China to expand VAT reform

(Xinhua) Updated: 2014-03-13 17:17

BEIJING - China will expand a pilot reform to replace turnover tax with value-added tax (VAT) in an effort to reduce companies' tax burdens and curb double taxation, an official statement said Thursday.

The Ministry of Finance (MOF) said in a statement on its website that it is currently working with other government departments on plans to expand the VAT reform to more sectors, including the telecommunications, construction, real estate, finance and living service sectors.

Living services refer to services that meet people's daily life needs, such as catering, accommodation, hairdressing and photography services.

"The country will steadily expand the scope of the pilot reform and strive to complete the reform by the end of the 12th Five-Year Plan (2011-2015)," the statement said.

VAT is tax levied on the difference between the cost of production and the price of a commodity on the market. It is favored partly because it can reduce double taxation.

Following regional experiments since the beginning of 2012, VAT reform in transportation and some modern service sectors was rolled out throughout the country on Aug. 1, 2013.

The country expanded the pilot reform to the railway transportation and postal service sectors starting on Jan 1, 2014.

Around 2.7 million enterprises were covered by the VAT reform by the end of last year, up 160 percent from the end of 2012, the statement said.

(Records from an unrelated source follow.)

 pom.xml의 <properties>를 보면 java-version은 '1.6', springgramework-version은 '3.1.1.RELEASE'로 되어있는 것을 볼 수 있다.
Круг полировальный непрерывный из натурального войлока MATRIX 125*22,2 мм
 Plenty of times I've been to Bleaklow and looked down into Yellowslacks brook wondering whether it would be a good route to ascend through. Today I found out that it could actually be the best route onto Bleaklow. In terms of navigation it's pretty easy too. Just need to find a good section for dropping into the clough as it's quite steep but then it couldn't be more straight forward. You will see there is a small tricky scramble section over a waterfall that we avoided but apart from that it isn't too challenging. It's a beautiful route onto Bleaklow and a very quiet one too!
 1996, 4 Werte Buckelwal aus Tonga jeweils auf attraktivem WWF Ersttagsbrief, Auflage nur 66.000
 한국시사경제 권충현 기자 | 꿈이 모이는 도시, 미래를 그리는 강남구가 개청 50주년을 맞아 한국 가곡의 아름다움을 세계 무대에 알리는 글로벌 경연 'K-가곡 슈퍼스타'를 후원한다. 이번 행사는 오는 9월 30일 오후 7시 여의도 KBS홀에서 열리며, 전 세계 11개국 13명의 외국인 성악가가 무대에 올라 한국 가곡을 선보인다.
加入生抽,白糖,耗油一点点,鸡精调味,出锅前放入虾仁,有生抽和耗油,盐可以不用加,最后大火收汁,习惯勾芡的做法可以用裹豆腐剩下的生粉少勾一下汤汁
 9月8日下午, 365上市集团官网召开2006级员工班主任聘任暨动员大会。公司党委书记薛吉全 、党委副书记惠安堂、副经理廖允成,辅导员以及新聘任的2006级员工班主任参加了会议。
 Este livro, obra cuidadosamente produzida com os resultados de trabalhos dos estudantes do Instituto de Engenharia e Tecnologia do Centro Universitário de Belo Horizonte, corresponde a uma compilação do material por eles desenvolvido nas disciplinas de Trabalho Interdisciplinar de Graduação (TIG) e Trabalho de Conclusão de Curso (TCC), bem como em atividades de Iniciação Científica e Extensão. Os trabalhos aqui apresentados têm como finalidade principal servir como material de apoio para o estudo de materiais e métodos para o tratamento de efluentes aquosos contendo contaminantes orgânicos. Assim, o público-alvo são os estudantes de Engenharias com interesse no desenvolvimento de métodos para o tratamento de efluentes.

By the end of 2013, the reform reduced tax burdens for companies by more than 140 billion yuan ($22.83 billion), up from 42.6 billion yuan in the previous year, according to the MOF.

"With the progress of the pilot program, the policies concerning the trials and management measures have gradually become mature," the statement said.

The reform has shown effects in terms of reducing double taxation, promoting the service sector's development and unleashing the vitality of involved enterprises, the MOF said.